So you have a node.js project in which npm audit tells you there is a dependency of a dependency that needs to be updated, but doing a simple npm audit fix won't do the trick, and for some reason, you cannot just bump the first-level package version and npm install to update it, because the second-level dependency package has no new version, so it won't try to resolve the new version of the third-level (dependency) package.

Sounds familiar?

Well, it seems familiar to me at least, because this week, I had to make sure our dependencies have no vulnerabilities, and I had this exact problem:

package-1@^0.3.0
  depends on:
    package-2@^3.0.1 (which is not vulnerable in itself, but has no new version available)
      depends on:
        package-3@^4.3.2 (which is vulnerable, so it needs to be updated)

So I couldn't just bump the package-1 version in the package.json then npm install or yarn install for it and also package-3 to be updated to safer versions. Because since package-2 had no new version, it wouldn't even bother to try and update its own dependencies.

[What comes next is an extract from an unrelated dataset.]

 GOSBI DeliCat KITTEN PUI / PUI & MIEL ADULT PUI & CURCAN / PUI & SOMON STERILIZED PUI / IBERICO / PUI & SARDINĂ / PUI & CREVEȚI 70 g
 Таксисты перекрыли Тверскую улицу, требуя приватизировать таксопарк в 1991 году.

That's when shrinkwrap comes to the rescue

The npm shrinkwrap command will create a npm-shrinkwrap.json file alongside your package.json, where you can specify package-3's desired version by doing so:

{
  "dependencies": {
    "package-1": {
      "version": "0.3.0",
      "from": "package-1@^0.3.0",
      "dependencies": {
        "package-2": {
          "version": "3.0.1",
          "from": "package-2@^3.0.1",
          "dependencies": {
            "package-3": {
              "version": "4.4.0",
              "from": "package-3@^4.4.0"
            }
          }
        }
      }
    }
  }
}

See that 4.4.0? That's the version that fixes the vulnerability.

Yarn also has that kind of trick, but it's cleaner (IMHO)

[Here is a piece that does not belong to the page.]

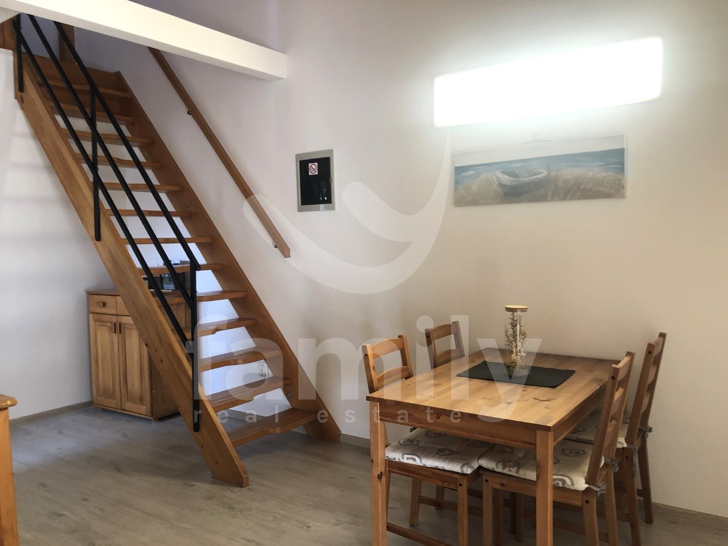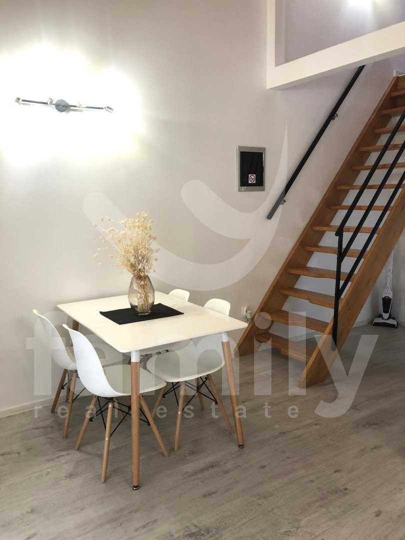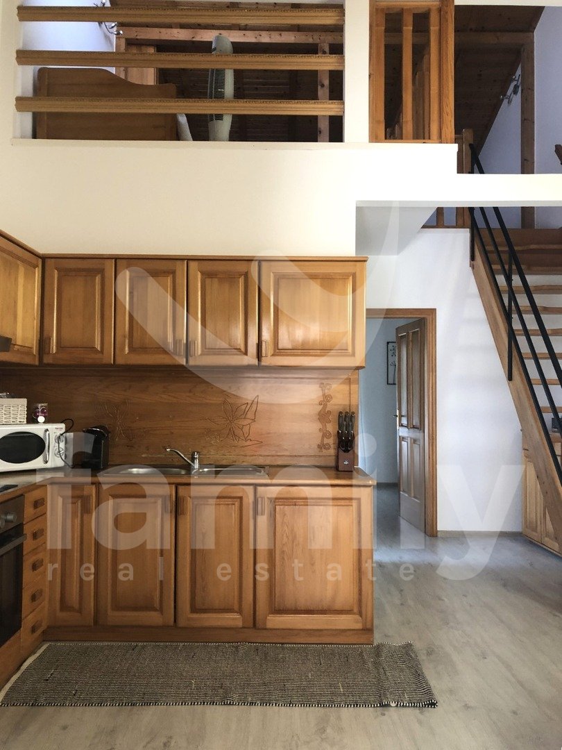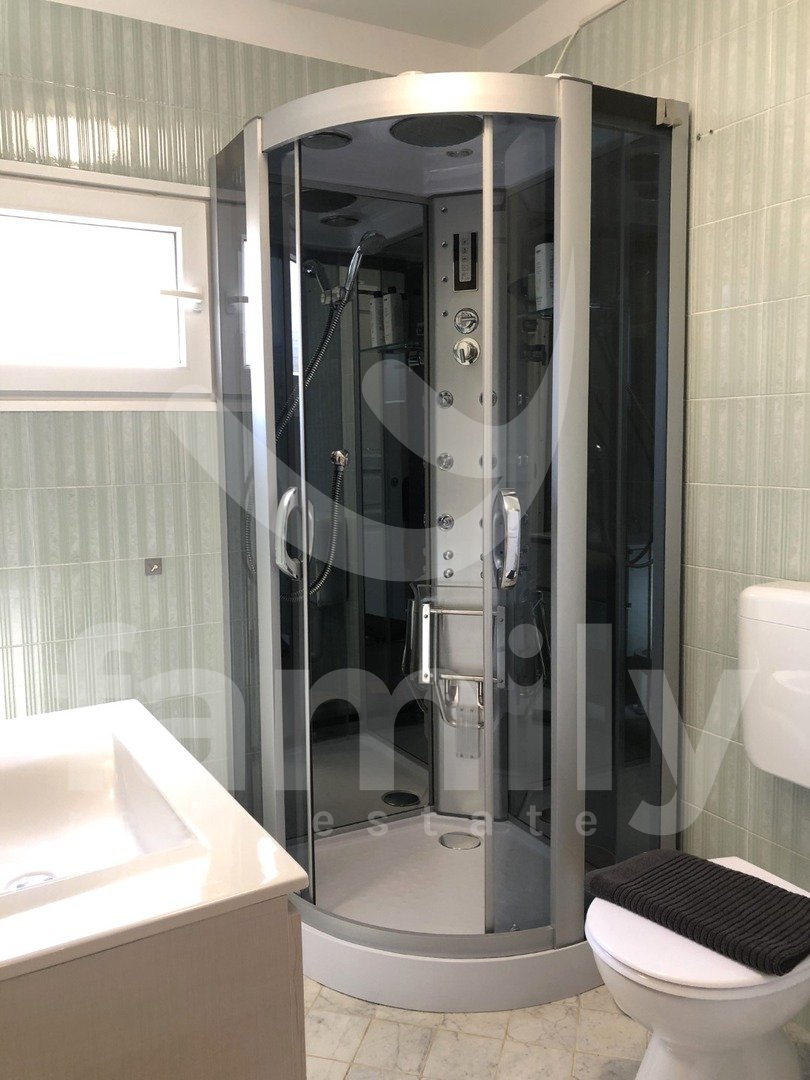 Prvo nadstropje nepremičnine sestavlja pokrita jedilnica, tla in pločniki ter stopnice so obloženi s kamnom. Osrednji del hiše, velike 100 m2, je opremljen z veliko sedežno garnituro, televizorjem in biljardno mizo. Na levi in desni strani osrednjega dela je vhod v apartmaje v prvem nadstropju. Dva od štirih apartmajev sta bila prenovljena in moderno opremljena z novimi kuhinjskimi aparati z indukcijsko kuhalno ploščo ter sta sestavljena iz dnevne sobe, spalnic in nove kopalnice. Celotna stavba je opremljena s klimatskimi napravami v vseh sobah. Vsak apartma ima v bivalnem in spalnem prostoru visokokakovostne laminatne talne obloge, kopalnice so opremljene s ploščicami in imajo dostop do kamnitih teras, ki pripadajo apartmaju. Vila se nahaja na zelo prijetni in dobro osvetljeni parceli, kar pomeni, da so tudi njeni prostori dovolj osvetljeni. Je bogata z vsebino in v celoti visokokakovostnim dizajnom. Pred nepremičnino so tri pokrita parkirna mesta, za njo pa dve parkirni mesti na samem dvorišču. Nepremičnina je opremljena z pohištvom, video nadzorom, Wifi napravami in priključkom za kanalizacijo.

Yarn also has a feature that lets you specify the version that you want for our hypothetical package-3 example package.

Simply put, all you have to do is to add a "resolutions" object property inside your package.json, and set the version like so:

{
  ...
  "resolutions": {
    "package-1/**/package-3": "^4.4.0"
  }
}

... where 4.4.0 and later minor versions are fixing the vulnerability you want to squish.